I'll continue to hold the large cash allocation as I am thinking of selling some of my equities since the S&P 500 Index is currently selling at a TTM P/E Ratio of 23 according to the WSJ. With this, stocks are not currently cheap and are richly priced from my perspective using the Rule of Twenty. Since, I am above my target allocation (50%) to stocks, now at about 53%, soon might be a good time to pair back a few of my equity positions and rebalance as summer approaches.
I am thinking my sizeable cash allocation is a blessing and orginates from Biblical teaching. Besides, when I make harvest of my plantings, and book profits, the Lord gets his share.
Have a good evening,
Old_Skeet
I don't think you're a sinner. There are many benefits to cash. In some instances higher cash levels allow you to take on greater risk in selected areas you consider good value. And in down markets it allows you to stay the course while others are bailing at a loss.
Discussing cash is the problem. Everybody has a slightly different way of quantifying their actual level. Heck, there's one (unnamed) junk bond fund that some here are using as "cash." Others include funds like RPSIX - which is anything but cash. I'm not passing judgment here, but rather showing how perceptions vary.
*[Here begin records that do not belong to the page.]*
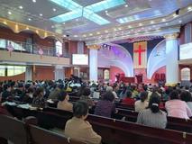 在这期间,主持人周顺利牧师多次穿插代祷,也多次带领大家歌唱了赞美诗《人的生命只有一次》《磐石磐石耶稣基督》。使祷告会显得生动活泼、气氛热烈。
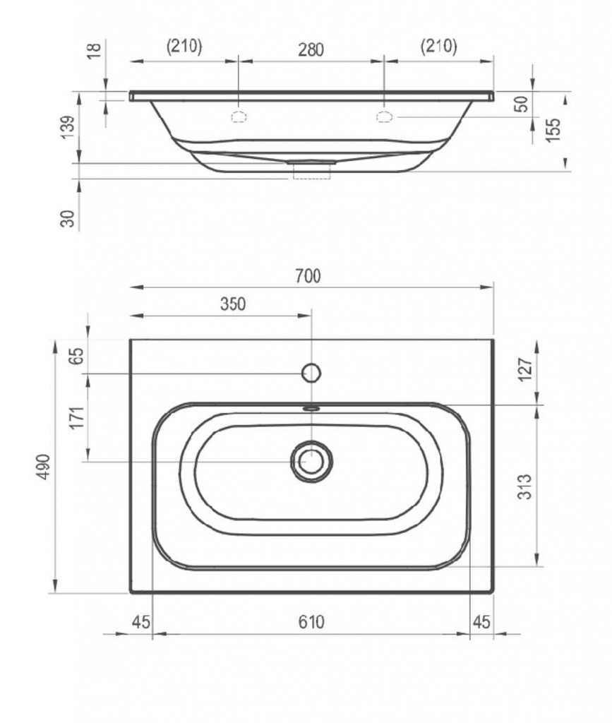 Umývadlový výpust, batéria ani sifón nie sú súčasťou balenia.
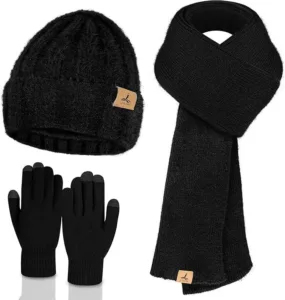 🔸 סט מלא הכולל כובע סרוג, צעיף ארוך וזוג כפפות.
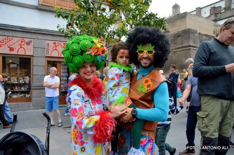 Telde.- La eterna primavera floreció hoy en el casco histórico de Vegueta. Miles de personas, entre llas cientos de teldenses, disfrutan desde el mediodía del Carnaval de Día. Un evento que en los últimos años ha ido ganando adeptos y se ha convertido en uno de los de mayor afluencia de todas las carnestolendas capitalinas. TA ofrece dos amplios reportajes gráficos.

I could say I'm currently at 7.5% cash, having raised that from under 4% in January. But that doesn't tell the entire story. A half dozen or more of my balanced and allocation funds hold cash. That amount's not included in the figure I sometimes fling around. Especially noteworthy are large holdings in RPSIX and TRRIX, two very conservative funds with modest holdings of cash or short-term bonds. Realistically, my cash position is likely in the 15-20% range when the cash held by these funds are included.
Having said all that, my nominal 7.5% (plain unadulterated cash) reflects a slightly positive outlook for the types of funds I hold, which tend to be a bit overweighted in the raw materials and precious metals sectors. A 10% weighting would represent more of a neutral outlook. I'll get there eventually. And, of course, as always, I could be wrong.
Skeet, your posts are awesome IMHO. You have a clearly thought out plan and consistently adhere to it. Thanks for sharing.